Published:  30 August, 2023

Harpers’ latest survey canvassed the UK’s independent retailers to ask which cost pressures are affecting them most and to what extent. Now, the results are in – and we can the report that price rises have become a necessary evil for the majority of businesses.

The duty hikes, which came into effect on 1 August, carry serious implications for all parts of the UK alcohol industry. Large and small, both off-premise and on, the increase of £0.44 per 75cl bottle of wine between 11.5% and 14.5% will hurt both consumers and businesses alike, at a time when the UK economy is suffering from an usually complex and challenging mix of pressures.

As Harpers revealed in a recent story however, independent merchants, long considered the backbone of the quality drinks trade in the UK, were woefully underrepresented among those consulted by government over the duty changes now hitting businesses.

With pressures coming from all angles – and staffing, energy and logistics costs in there, too – it comes as little to no surprise that a vast majority of retailers have had to put up their prices.
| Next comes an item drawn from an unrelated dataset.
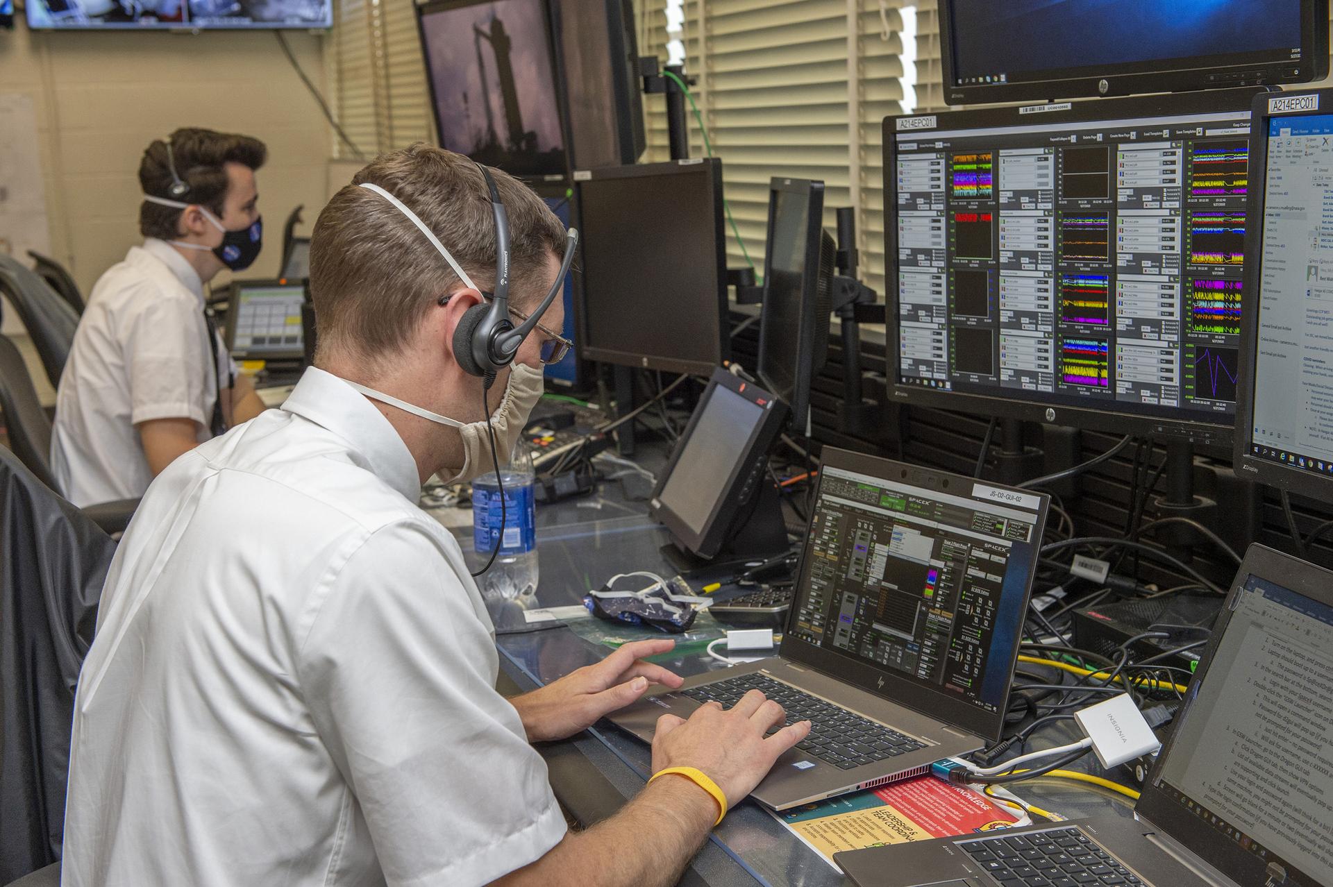 Stewart Whaley, Cameron Muelling, foreground, and teams at NASA’s Marshall Space Flight Center help monitor launch conditions for the Demo-2 mission from the Huntsville Operations Support Center, HOSC.

As our survey shows, over 50% of businesses report prices going up already, while the majority of respondents in the ‘other’ category said that prices would be going up once new stock comes in.

According to our data, RRP has risen by approximately £1 for wine and by up to £2 for spirits for the majority of both categories. While this may come as no surprise to the trade however, it will come as a surprise to most consumers, who were largely unaware of hikes before they landed on 1 August.

From comments gathered across the nation’s independent retailers, it is clear that duty is indeed leading the squeeze, while sitting shoulder to shoulder with inflationary pressures and the cost-of-living crisis.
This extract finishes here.